Closed youngfly11 closed 3 years ago
Sorry for the late response due to holiday season. Yes, basically you can follow the adversarial training code in train_vqa_adv.py to get the adversarial pre-training code ready. We also plan to release the pre-training code. Thanks for your reminder. Please stay tuned. We will get this done asap.
Meanwhile, you can also try by yourself. There is no specific things that you need to worry about. Basically, follow the pre-training configuration file of the UNITER code base, and then add the adversarial-training-related hyper-parameters. Hope it helps!
Best, Zhe
Hi,zhe; Thanks for your response. I have a follow-up question. When I run the pretraining code in this VILLA repo, I found the training is very slow by using the default setting (setting the worker=4), the GPU utilization is very slow. When I set the worker=8 or higher, It will raise a problem as following. I am wondering that Do you have the same phenomenon during training? How is your training speed in pretraining?

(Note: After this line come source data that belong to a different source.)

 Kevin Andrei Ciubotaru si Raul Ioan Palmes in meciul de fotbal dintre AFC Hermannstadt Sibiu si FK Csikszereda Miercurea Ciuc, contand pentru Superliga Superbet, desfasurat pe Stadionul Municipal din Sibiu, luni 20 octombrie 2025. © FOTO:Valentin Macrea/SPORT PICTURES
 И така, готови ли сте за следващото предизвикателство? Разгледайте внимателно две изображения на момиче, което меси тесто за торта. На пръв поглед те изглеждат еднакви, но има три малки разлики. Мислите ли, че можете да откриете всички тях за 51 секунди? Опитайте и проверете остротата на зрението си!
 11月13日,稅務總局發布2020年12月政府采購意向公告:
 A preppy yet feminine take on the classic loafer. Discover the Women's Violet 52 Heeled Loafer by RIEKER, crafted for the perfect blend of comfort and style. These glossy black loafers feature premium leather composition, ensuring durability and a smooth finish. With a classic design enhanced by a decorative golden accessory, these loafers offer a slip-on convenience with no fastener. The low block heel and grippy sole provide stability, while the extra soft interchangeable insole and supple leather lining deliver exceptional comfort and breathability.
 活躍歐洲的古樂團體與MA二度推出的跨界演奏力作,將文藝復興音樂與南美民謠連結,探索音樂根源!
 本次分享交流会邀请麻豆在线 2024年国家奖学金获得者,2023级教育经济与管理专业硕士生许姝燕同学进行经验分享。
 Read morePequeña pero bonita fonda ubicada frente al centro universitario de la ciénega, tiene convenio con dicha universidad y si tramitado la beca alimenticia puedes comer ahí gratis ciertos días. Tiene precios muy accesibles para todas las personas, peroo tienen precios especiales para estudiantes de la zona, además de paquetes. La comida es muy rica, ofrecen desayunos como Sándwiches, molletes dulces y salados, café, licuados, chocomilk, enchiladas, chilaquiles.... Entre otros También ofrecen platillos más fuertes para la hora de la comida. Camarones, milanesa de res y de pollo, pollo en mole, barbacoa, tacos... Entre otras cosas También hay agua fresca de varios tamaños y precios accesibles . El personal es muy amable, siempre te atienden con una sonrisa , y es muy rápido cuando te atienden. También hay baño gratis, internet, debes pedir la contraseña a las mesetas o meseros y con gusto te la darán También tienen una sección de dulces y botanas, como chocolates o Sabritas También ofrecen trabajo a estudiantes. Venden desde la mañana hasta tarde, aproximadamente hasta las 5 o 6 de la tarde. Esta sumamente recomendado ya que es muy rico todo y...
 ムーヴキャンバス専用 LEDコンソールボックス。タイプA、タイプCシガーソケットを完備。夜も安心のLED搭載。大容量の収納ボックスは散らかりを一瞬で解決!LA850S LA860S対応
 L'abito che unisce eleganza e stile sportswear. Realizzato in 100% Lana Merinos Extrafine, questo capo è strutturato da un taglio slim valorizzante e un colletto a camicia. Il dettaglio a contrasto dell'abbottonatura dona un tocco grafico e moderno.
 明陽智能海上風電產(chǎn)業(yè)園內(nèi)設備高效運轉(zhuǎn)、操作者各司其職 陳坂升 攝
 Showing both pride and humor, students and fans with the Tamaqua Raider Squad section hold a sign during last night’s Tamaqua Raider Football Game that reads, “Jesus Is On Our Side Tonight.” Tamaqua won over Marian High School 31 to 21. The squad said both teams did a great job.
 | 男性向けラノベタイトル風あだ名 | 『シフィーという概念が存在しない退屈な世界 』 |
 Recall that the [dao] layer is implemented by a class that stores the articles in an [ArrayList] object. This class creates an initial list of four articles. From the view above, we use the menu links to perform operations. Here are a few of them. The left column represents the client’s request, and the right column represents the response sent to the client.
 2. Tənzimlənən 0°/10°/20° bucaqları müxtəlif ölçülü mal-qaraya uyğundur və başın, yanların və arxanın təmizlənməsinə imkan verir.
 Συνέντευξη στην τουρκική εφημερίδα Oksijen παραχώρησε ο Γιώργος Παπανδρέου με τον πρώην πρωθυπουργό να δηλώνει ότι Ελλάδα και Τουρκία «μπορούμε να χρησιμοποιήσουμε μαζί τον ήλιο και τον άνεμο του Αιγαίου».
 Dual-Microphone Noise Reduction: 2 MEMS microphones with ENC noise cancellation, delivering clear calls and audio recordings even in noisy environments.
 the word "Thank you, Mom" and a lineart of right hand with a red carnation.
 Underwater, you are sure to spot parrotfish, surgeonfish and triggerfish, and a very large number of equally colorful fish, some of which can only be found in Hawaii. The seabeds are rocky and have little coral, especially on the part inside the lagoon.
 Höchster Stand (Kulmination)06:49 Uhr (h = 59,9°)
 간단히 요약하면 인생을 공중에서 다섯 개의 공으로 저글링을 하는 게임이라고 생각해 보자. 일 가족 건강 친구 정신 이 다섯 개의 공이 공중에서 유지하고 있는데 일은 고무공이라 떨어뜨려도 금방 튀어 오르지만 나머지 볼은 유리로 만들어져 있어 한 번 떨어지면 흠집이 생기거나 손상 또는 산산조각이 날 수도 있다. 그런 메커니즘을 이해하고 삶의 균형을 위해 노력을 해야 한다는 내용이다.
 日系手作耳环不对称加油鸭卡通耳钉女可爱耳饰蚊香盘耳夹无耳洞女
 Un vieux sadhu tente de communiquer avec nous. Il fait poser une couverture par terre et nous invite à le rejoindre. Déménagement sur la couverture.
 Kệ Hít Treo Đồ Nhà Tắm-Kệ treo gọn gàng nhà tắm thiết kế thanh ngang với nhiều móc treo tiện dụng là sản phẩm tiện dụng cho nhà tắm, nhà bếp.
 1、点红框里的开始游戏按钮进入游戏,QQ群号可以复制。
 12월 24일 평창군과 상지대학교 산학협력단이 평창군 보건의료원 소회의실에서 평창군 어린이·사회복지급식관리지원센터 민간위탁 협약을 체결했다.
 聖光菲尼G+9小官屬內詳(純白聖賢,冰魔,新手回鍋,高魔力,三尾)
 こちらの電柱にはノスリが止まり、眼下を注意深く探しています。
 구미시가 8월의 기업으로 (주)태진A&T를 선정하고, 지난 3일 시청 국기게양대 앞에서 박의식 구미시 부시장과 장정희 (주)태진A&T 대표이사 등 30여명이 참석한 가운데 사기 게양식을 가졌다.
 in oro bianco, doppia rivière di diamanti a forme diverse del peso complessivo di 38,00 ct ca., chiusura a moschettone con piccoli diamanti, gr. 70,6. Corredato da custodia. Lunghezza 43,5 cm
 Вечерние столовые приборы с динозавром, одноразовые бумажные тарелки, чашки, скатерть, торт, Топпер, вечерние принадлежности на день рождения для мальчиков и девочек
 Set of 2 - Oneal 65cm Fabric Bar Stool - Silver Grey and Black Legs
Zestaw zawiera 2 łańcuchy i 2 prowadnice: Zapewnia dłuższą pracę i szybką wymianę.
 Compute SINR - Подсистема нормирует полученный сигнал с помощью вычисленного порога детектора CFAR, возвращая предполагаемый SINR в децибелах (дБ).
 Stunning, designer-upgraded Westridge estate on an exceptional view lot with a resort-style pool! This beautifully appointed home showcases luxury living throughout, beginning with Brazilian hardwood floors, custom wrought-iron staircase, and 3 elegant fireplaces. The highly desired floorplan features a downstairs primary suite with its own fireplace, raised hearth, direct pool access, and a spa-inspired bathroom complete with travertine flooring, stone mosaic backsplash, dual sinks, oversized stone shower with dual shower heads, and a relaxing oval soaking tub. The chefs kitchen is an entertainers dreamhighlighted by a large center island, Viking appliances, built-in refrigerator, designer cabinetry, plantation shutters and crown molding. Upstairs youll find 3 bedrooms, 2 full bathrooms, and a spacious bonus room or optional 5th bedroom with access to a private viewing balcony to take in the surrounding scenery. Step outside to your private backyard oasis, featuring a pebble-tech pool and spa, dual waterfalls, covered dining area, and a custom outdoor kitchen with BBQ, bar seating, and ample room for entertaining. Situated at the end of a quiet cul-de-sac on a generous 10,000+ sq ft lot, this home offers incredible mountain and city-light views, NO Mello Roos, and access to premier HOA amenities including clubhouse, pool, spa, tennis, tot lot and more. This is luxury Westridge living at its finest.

Thanks for trying our code. Empirically, we did not seem to meet the problem that you mentioned. How low is your GPU utilization?
We ran the pretraining code on our internal Microsoft GPU clusters, and did not observe the low utilization phenomenon. This may be caused by your RAM size or disk speed, or other constraints. When you tried the fine-tuning code, did you also have the same low-utilization problem? Thanks.
Best, Zhe
Hi, zhe;
Thanks for your excellent work. Recently I want to reproduce some results in Villa and conduct pre-training on indomain datasets. I am curious about whether it is possible to mimic the adversarial training codes in train_vqa_adv.py to pretraining stage simply? Is there any specific configuration for adversarial training in pretraining stage?